Подобно нейроанатомии нейрофизиология неуклонно развивается, особенно с тех пор, как появилась возможность регистрировать импульсацию отдельных нейронов, а не групп клеток. Хорошим примером этого служит классическая работа Хьюбела и Визеля на зрительной коре. Однако можно предполагать, что и здесь нужно будет изменить темпы. В частности, возможно, понадобится отводить активность многих нейронов одновременно и независимо друг от друга, используя для этого новые возможности, какие дает нам микроэлектроника. Это позволило бы также более эффективно изучать ответы на более сложные комбинации стимулов, например ответ на две или три параллельные линии в поле зрения, а не только на одну.
Как в нейроанатомии, так и в нейрофизиологии накопление новой информации идет медленно по сравнению с общим ее количеством, содержащимся в системе. Поэтому важная роль теоретической нейробиологии состоит не просто в попытках создать правильные и детальные теории нервных процессов (что может оказаться очень трудной задачей), но и в том, чтобы указать, какие свойства полезнее всего изучать и в особенности измерять, чтобы понять, какого рода теория требуется. Бесполезно требовать невозможного, например точной схемы соединений в одном кубическом миллиметре ткани мозга или определения характера импульсации всех нейронов в нем. Задача в том, чтобы установить, какая легко доступная информация была бы самой полезной, а также (что труднее), какие данные можно получить в разумные сроки, если ввести осуществимые новые методики. Иногда ясная формулировка требования – это уже полдела для понимания того, как его выполнить. Например, цены бы не было методике, которая позволила бы вводить в нейрон вещество, способное четко окрасить все связанные с ним нейроны и только их. То же самое относится к методу, при помощи которого можно было бы инактивировать все нейроны строго одного типа, сохраняя все остальные более или менее неизмененными.
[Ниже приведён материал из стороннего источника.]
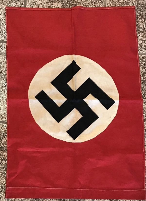Original WWII Era German Nazi Party Flag Certified. A standard style Cloth banner type flag. Utilized by pretty much by all the organization of the Third Reich in one form or another. The swastika, (a Sanskrit word meaning “well being”), is an ancient symbol that was utilized in numerous diverse cultures and signified both the cycle of life and the sun. The swastika was also a Nordic rune and the pagan Germanic symbol for Thor, God of Adventurers. In good condition single sided 20″/28! standard cotton bunting style material with screened swastika and disk. A fantastic piece of WWII history good condition with storage wear, no fading (see photos) This flag is A good quality version and one of the better displayable sizes for the most discriminating and cultivated collector. Even with the minor condition issues it Overall a very collectible flag with lots of history Nice period used flag captured by a U.S. Veteran and brought home as a war trophy. Nice used example showing the expected age . 100% Guaranteed to be authentic Brought home by a solider as a trophy of war. A very desirable size in good condition an outstanding example. Don’t miss this one! RARE in this size. Complete museum documentation (COA) Provided. Certified by The Gettysburg Museum of History. The Gettysburg Museum of History does not support or condone Adolf Hitler or the Nazi Party and is only offering this as a historic relic. Please see our other items. Also note when browsing our web site there are several pages of items, at the bottom of the list look for other page numbers. RARE IN THIS SIZE. Good EXAMPLE! NSDAP FLAGS ARE GETTING TOUGHER TO FIND! Don’t Miss It!!!! RARE, Good used but used Condition!

Как далеко все это привело нас в настоящее время? Помещенные в данном выпуске статьи дают хорошее общее представление о достигнутых успехах. Чего заметно не хватает, так это широких идейных рамок, в пределах которых можно интерпретировать все эти различные подходы. В таком состоянии находились биохимия и генетика до того, как произошла революция в молекулярной биологии. Дело не в том, что большинство нейробиологов не имеют какого-либо общего представления о том, что происходит. Беда в том, что представление это не сформулировано точно. Стоит притронуться к нему, как оно разваливается. Если привести лишь несколько примеров, то природа восприятия, нейронные корреляты долговременной памяти, функция сна — все они носят такой характер.
Как же в таком случае следует строить общую теорию мозга? На ее пути стоят, по-видимому, три важных ограничительных условия. Первое – это природа физического мира. Повседневный мир, в котором мы живем, не является чем-то аморфным и беспорядочным. Он состоит из предметов, которые обычно занимают определенное пространство и которые, хотя и перемещаются относительно других предметов, сохраняют свои размеры и форму. Зрительно предмет обладает поверхностями, очертаниями, цветом и т. п. Он может испускать звук или запах. Не вникая в детали, безусловно можно ожидать, что какова бы ни была переработка информации, поступающей в мозг, она будет связана с инвариантами и полуинвариантами во внешнем мире, доступными органам чувств.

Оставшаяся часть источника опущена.